Saved entries:
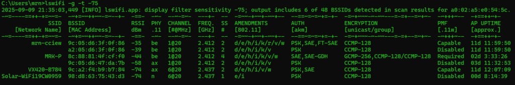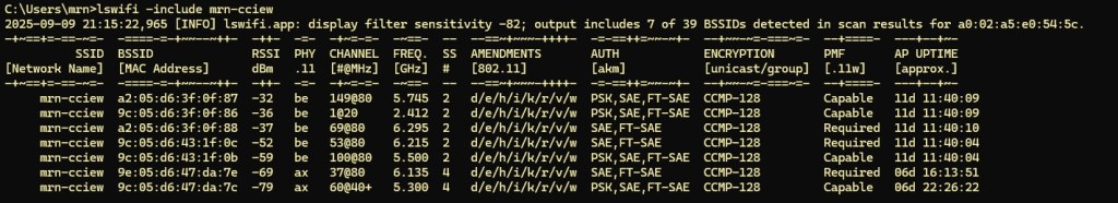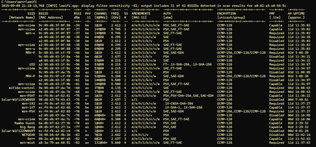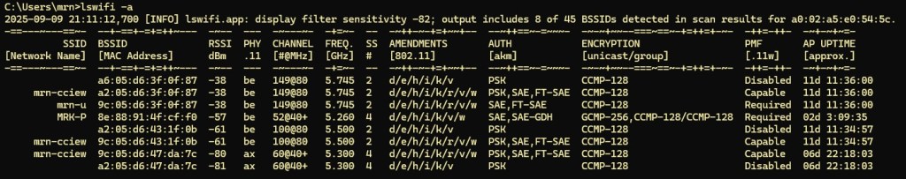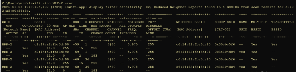 Once installed (watch the video above for a step-by-step guide), you can use the Windows CLI prompt to gather information about your Wi-Fi environment using the lswifi command. This will display all amendments supported by each SSID along with specific security configuration settings, including a detailed decode of the RSN element—such as AKM, unicast, and broadcast ciphers.
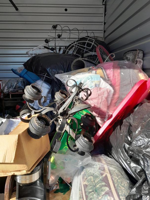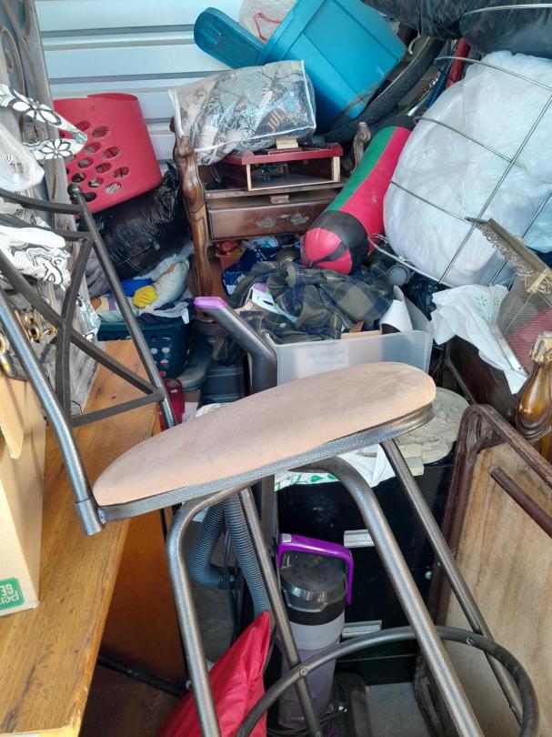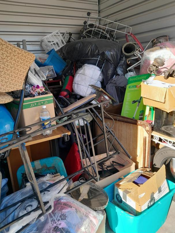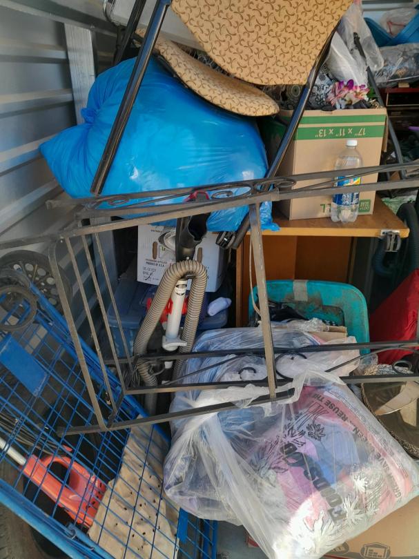This unit appears to contain…Vacuums, Chairs, Tables, Bicycle, totes, rolling carts, racks, boxes, rugs, clothes, tires, bags
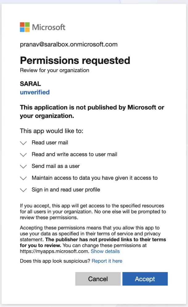 Note: During the admin setup, the “all users” access scope is required. This does not give SARAL access to all users — we only access accounts that explicitly connect after the admin step.
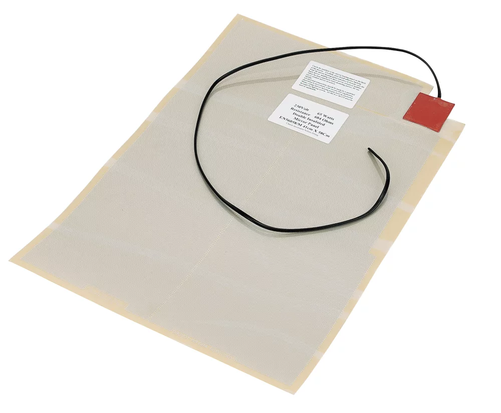 Self-adhesive backing for easy installation to back of mirror. Demists mirror in minutes. Wires can be connected to light switch to save energy.
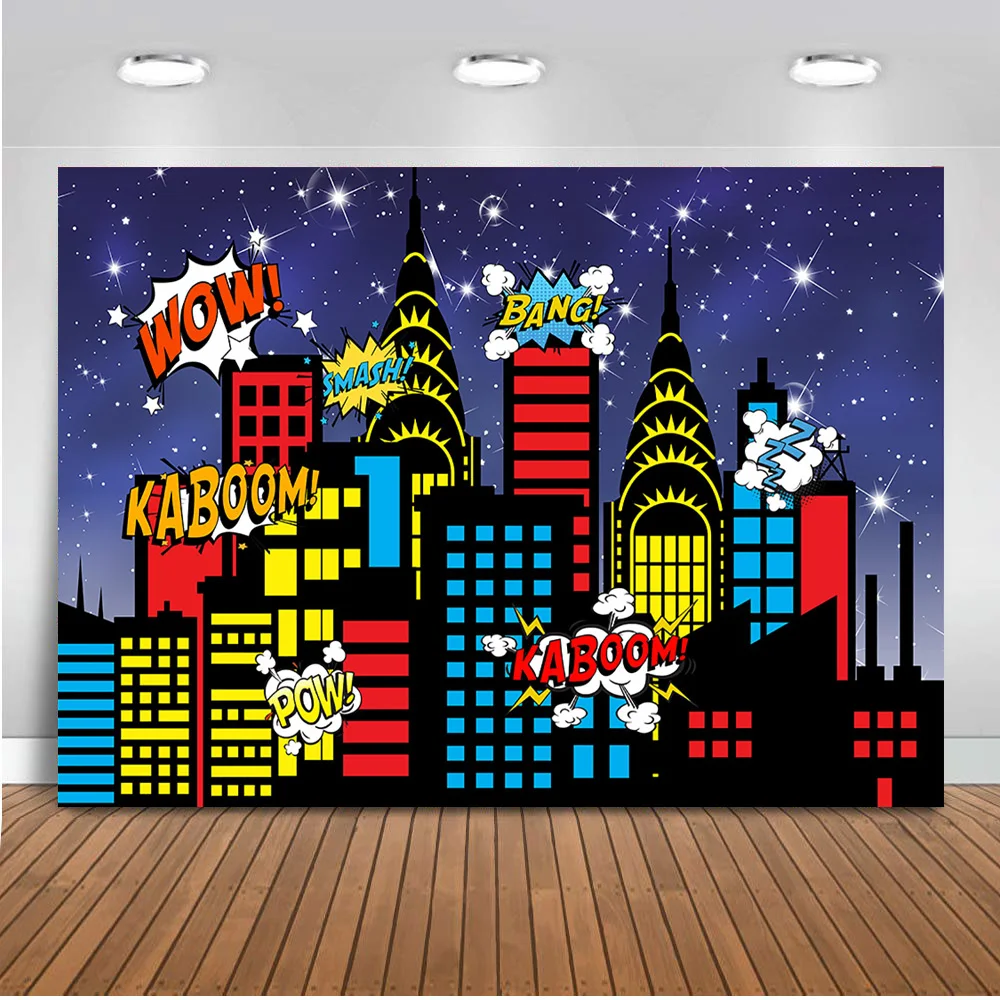 Супер герой день рождения фон для фотосъемки ночь город красочные здания новорожденные дети день рождения фон блестящее небо
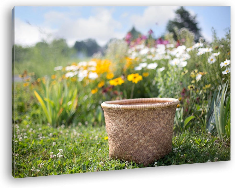 deyoli Weidenkorb am Blumenbett Format: 100x70 als Leinwand, Motiv fertig gerahmt auf Echtholzrahmen
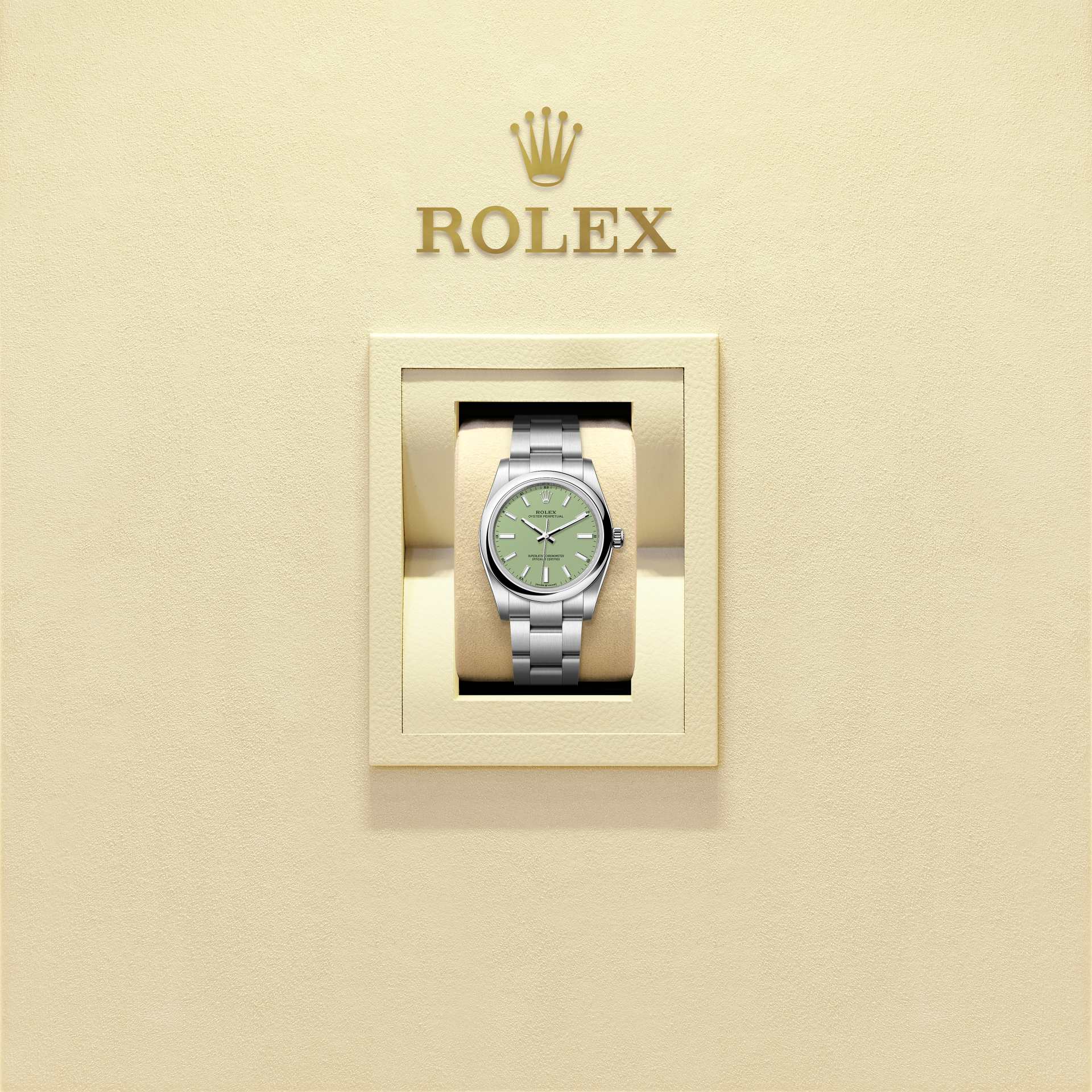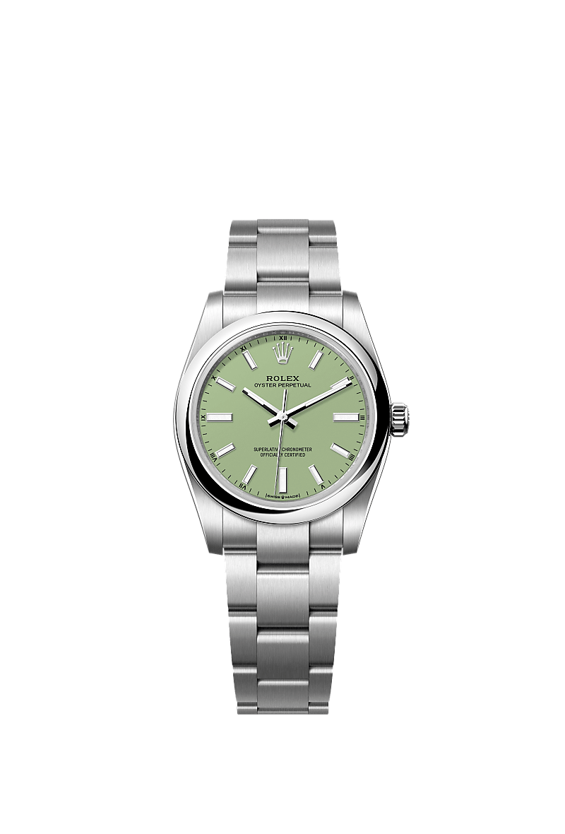 피스타치오 다이얼과 오이스터 브레슬릿을 갖춘 오이스터 퍼페츄얼 34.
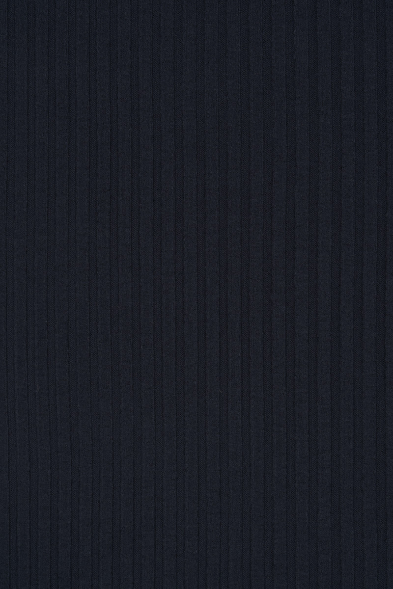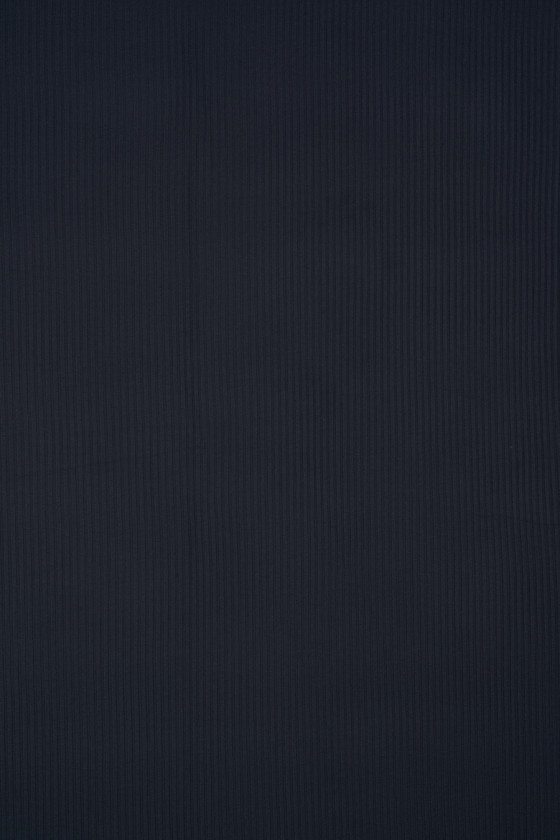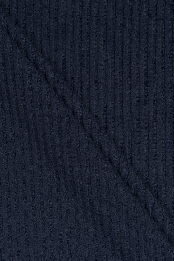 Włoska dzianina o szerokim splocie ściągaczowym (0,5 cm) w kolorze ciemnego granatu. Dzianina miękka, bardzo elastyczna, kryjąca, przyjemna w dotyku.
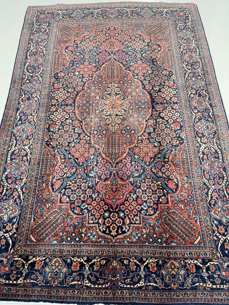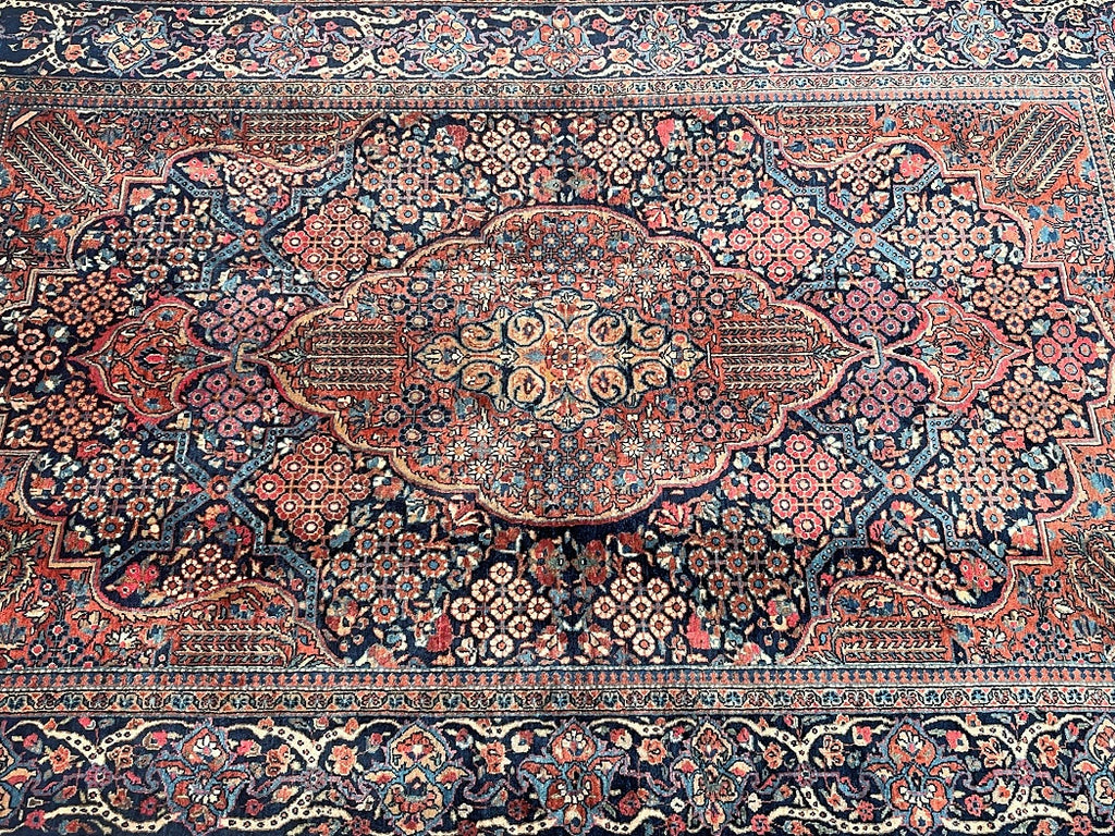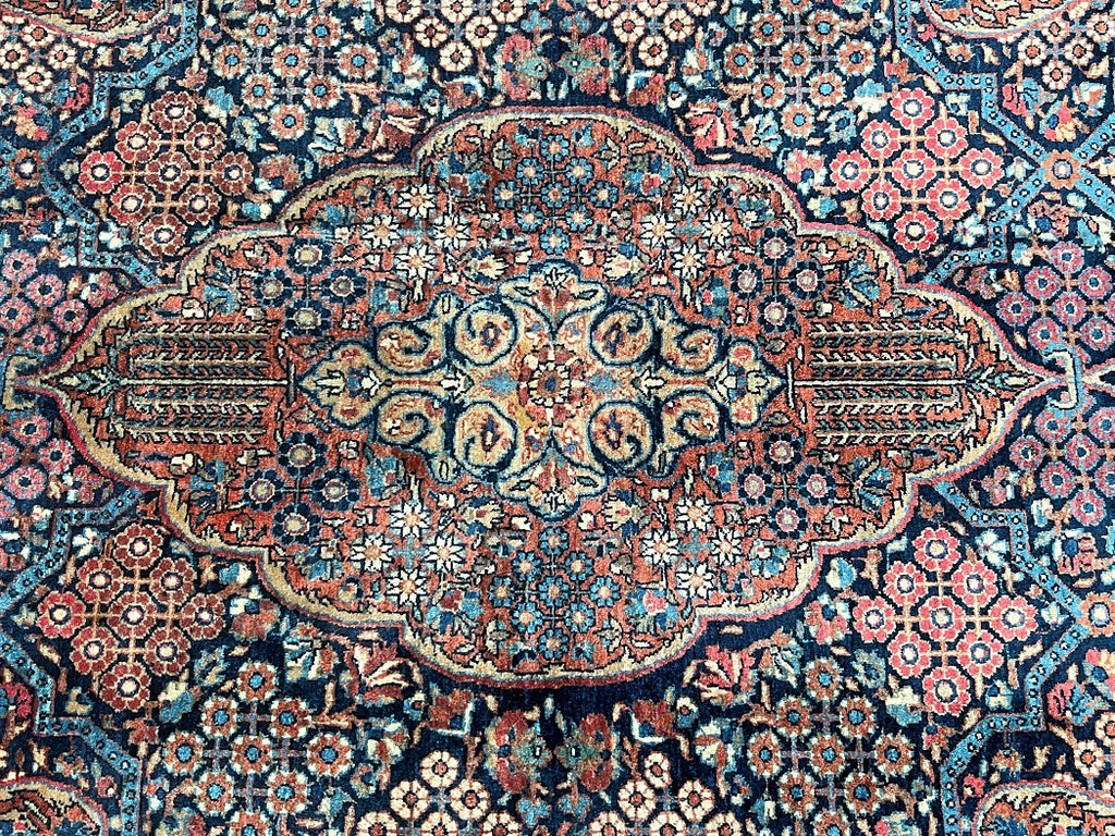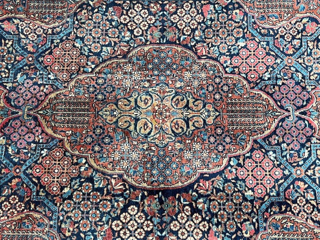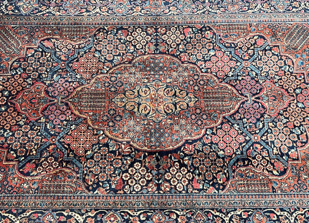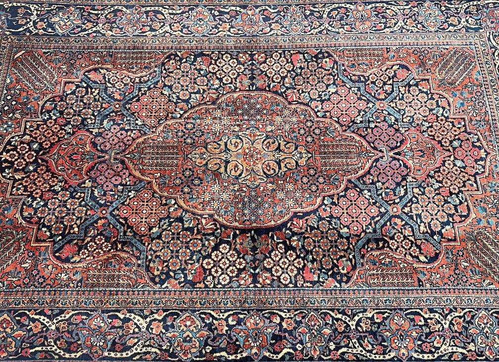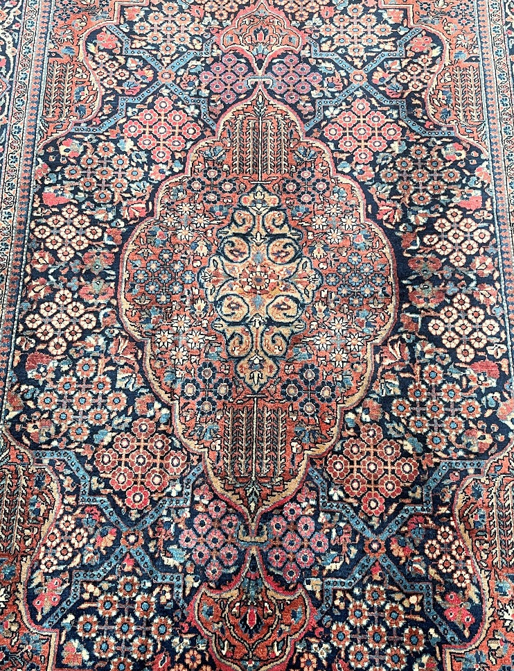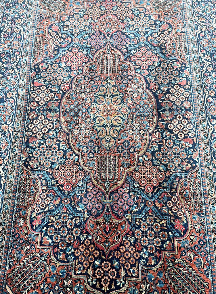Museum Quality Authentic Handmade Persian Kashan Rug Woven Circa 1930’s. Above All This Is A Very Collectable Antique Piece In Mint Condition Renown As Mohtasham Kashan. It Also Has A Pure Lamb’s Wool Pile On Cotton Base. It Also Has An Oxidised Red, Indigo Blue, Beige And Terracotta/Pink Tone Dyed Using Traditional Methods (Vegetable Dyes).

• [What needs to be done]:
Print, exactly and without pictures, the lines from the one holding "Włoska dzianina o" through the last line of the entries above, both included.

• [Exercise output]:
 Włoska dzianina o szerokim splocie ściągaczowym (0,5 cm) w kolorze ciemnego granatu. Dzianina miękka, bardzo elastyczna, kryjąca, przyjemna w dotyku.
Museum Quality Authentic Handmade Persian Kashan Rug Woven Circa 1930’s. Above All This Is A Very Collectable Antique Piece In Mint Condition Renown As Mohtasham Kashan. It Also Has A Pure Lamb’s Wool Pile On Cotton Base. It Also Has An Oxidised Red, Indigo Blue, Beige And Terracotta/Pink Tone Dyed Using Traditional Methods (Vegetable Dyes).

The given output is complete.